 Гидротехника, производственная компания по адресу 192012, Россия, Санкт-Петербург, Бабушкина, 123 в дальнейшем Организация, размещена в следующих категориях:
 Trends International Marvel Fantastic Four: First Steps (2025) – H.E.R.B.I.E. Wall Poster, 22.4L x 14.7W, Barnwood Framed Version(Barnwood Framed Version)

---

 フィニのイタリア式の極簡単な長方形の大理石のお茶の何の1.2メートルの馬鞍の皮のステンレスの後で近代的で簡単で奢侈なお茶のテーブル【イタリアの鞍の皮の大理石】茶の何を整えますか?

• PROBLEM STATEMENT
Taking the entries above, restate exactly those lines that fall between the line with "Гидротехника, производственная компания" and the line with "Trends International Marvel", keeping both of those lines too.

• ANSWER FOR THE TASK
 Гидротехника, производственная компания по адресу 192012, Россия, Санкт-Петербург, Бабушкина, 123 в дальнейшем Организация, размещена в следующих категориях:
 Trends International Marvel Fantastic Four: First Steps (2025) – H.E.R.B.I.E. Wall Poster, 22.4L x 14.7W, Barnwood Framed Version(Barnwood Framed Version)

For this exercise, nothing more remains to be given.